Problem description: Exclude the pictures and reproduce the remaining data exactly as written.

(Material provided Opens)

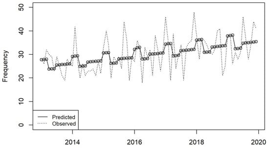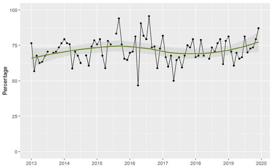 Moving average plot of appropriateness of antibiotic prescribing in the ICU in the period 2013–2019.
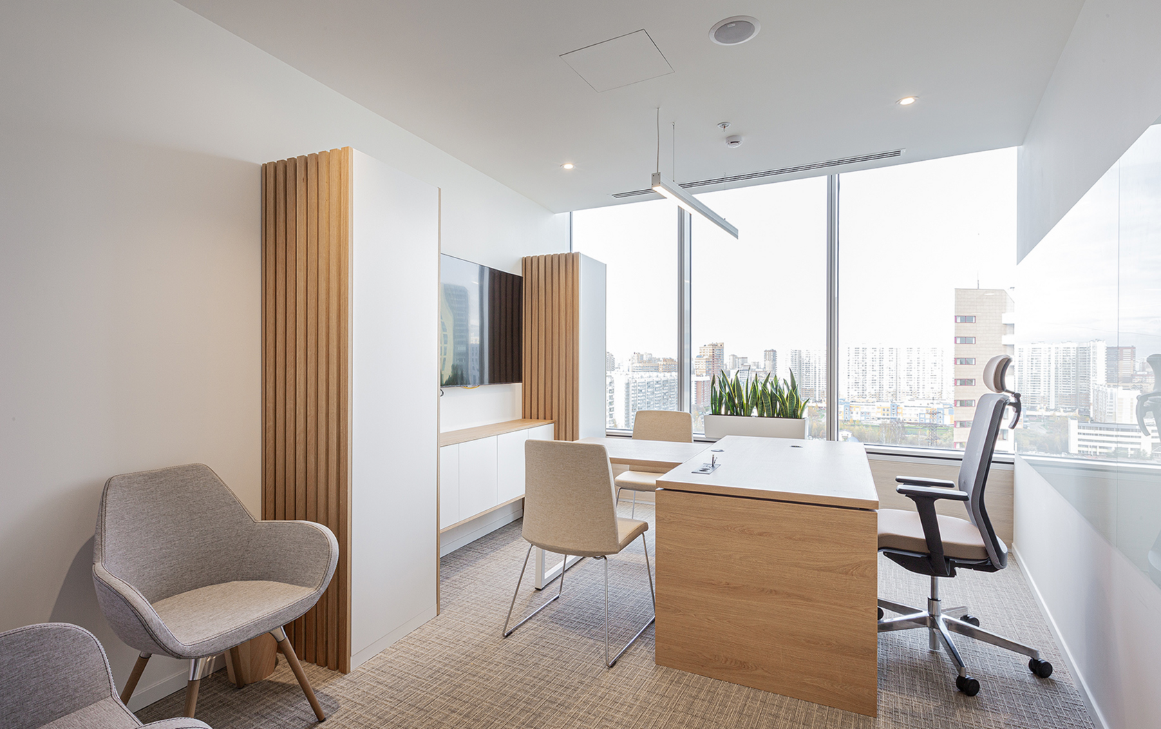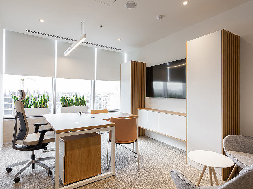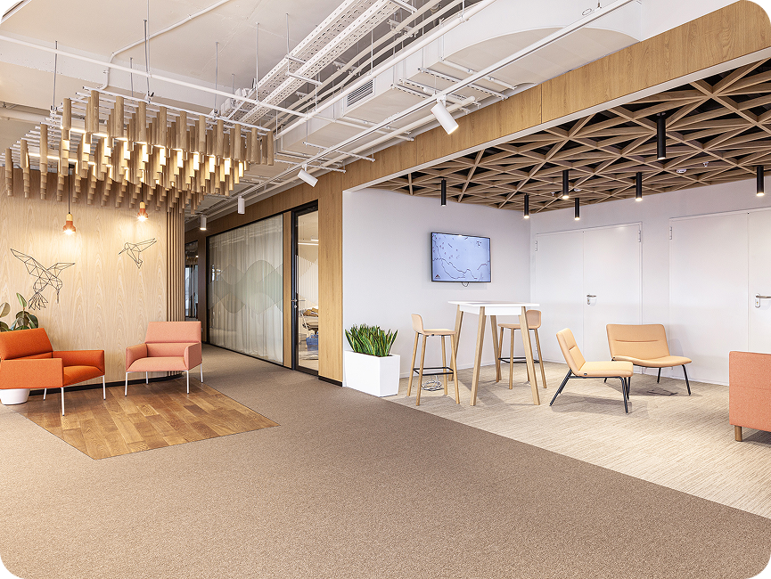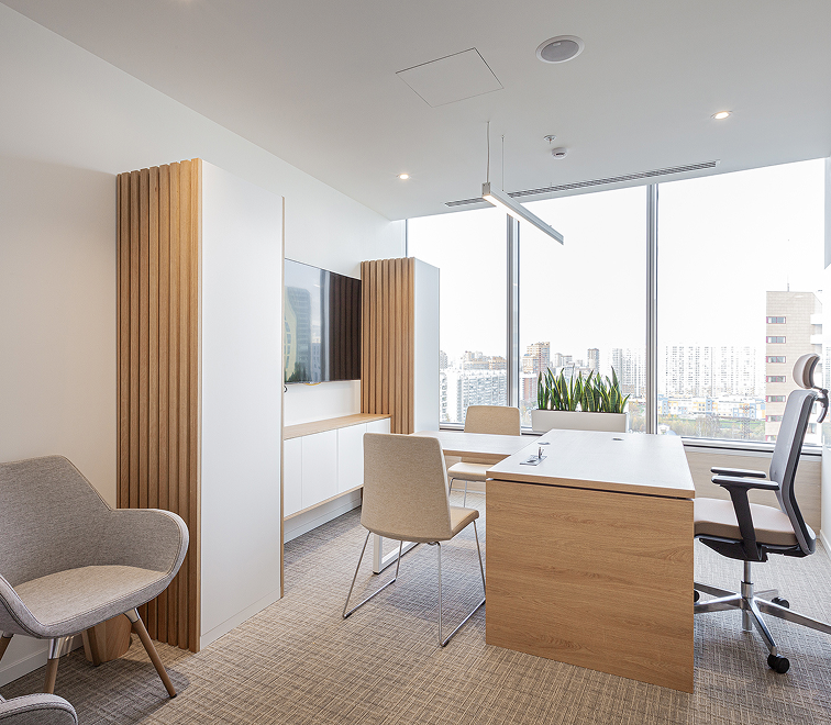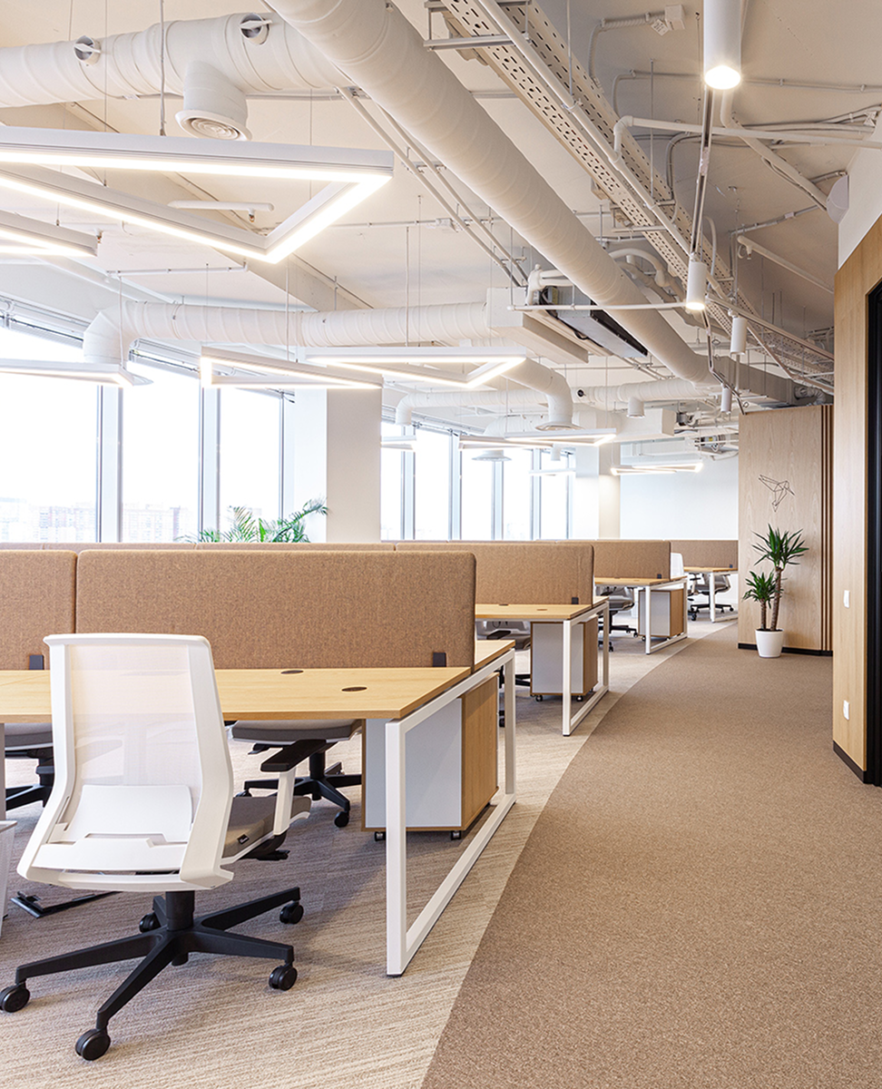 Штаб-квартира получилась современной, спокойной и располагающей, а грамотное проектирование и наше proptech-решение Q:OS позволили значительно сократить площади, не пренебрегая комфортом. Теперь сотрудники компании могут пользоваться технологичным пространством, а руководство — не думать о сервисе и не переплачивать за пустующие площади. В этом и преимущество формата fit-out: всё от визуализации офиса до сервисного обслуживания реализуется под ключ в рамках одного окна, а любая задача рассматривается генподрядчиком комплексно.
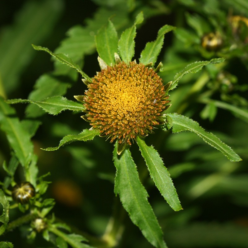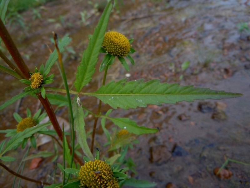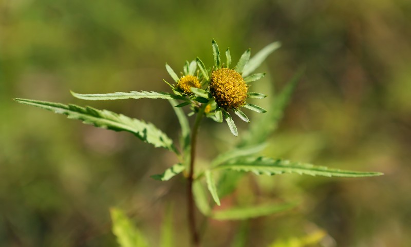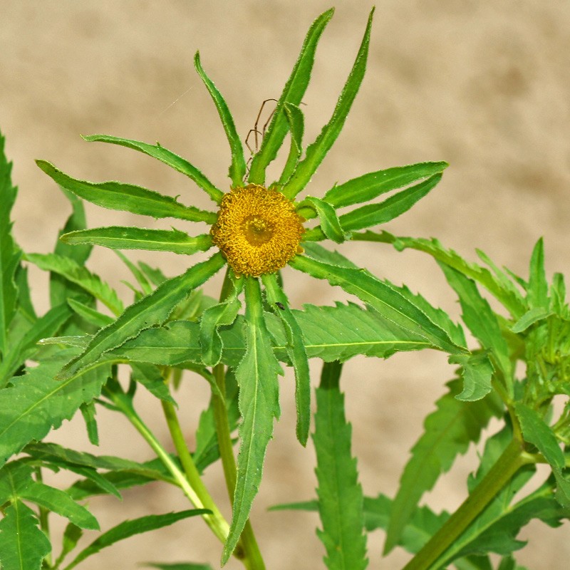 Однолетнее растение семейства сложноцветных (Asteraceae) высотой 20 — 100 см. Стебли прямостоячие, в верхней части ветвистые, голые или слабо опушенные. Листья супротивные, желтовато-зеленые, трех-пятираздельные или рассеченные, с ланцетными или яйцевидно-ромбическими пильчатозубчатыми дольками, иногда частично цельные. Корзинки плоские, их диаметр в два раза больше высоты. Наружные листочки обертки листовидные, в числе 10 — 14, значительно превышают обертку и окружают ее в виде лучей. Краевые цветки ложноязычковые, золотисто-желтые, бесплодные; срединные — трубчатые, обоеполые. Плоды — сплюснутые клиновидные семянки диаметром около 4 мм.; ости по длине равны семянке или чуть короче ее; семянки голые, но по краям и остям несут щетинки, обращенные вниз. Цветет в июле — сентябре.

(Material provided Closes)

Your response:
 Moving average plot of appropriateness of antibiotic prescribing in the ICU in the period 2013–2019.
 Штаб-квартира получилась современной, спокойной и располагающей, а грамотное проектирование и наше proptech-решение Q:OS позволили значительно сократить площади, не пренебрегая комфортом. Теперь сотрудники компании могут пользоваться технологичным пространством, а руководство — не думать о сервисе и не переплачивать за пустующие площади. В этом и преимущество формата fit-out: всё от визуализации офиса до сервисного обслуживания реализуется под ключ в рамках одного окна, а любая задача рассматривается генподрядчиком комплексно.
 Однолетнее растение семейства сложноцветных (Asteraceae) высотой 20 — 100 см. Стебли прямостоячие, в верхней части ветвистые, голые или слабо опушенные. Листья супротивные, желтовато-зеленые, трех-пятираздельные или рассеченные, с ланцетными или яйцевидно-ромбическими пильчатозубчатыми дольками, иногда частично цельные. Корзинки плоские, их диаметр в два раза больше высоты. Наружные листочки обертки листовидные, в числе 10 — 14, значительно превышают обертку и окружают ее в виде лучей. Краевые цветки ложноязычковые, золотисто-желтые, бесплодные; срединные — трубчатые, обоеполые. Плоды — сплюснутые клиновидные семянки диаметром около 4 мм.; ости по длине равны семянке или чуть короче ее; семянки голые, но по краям и остям несут щетинки, обращенные вниз. Цветет в июле — сентябре.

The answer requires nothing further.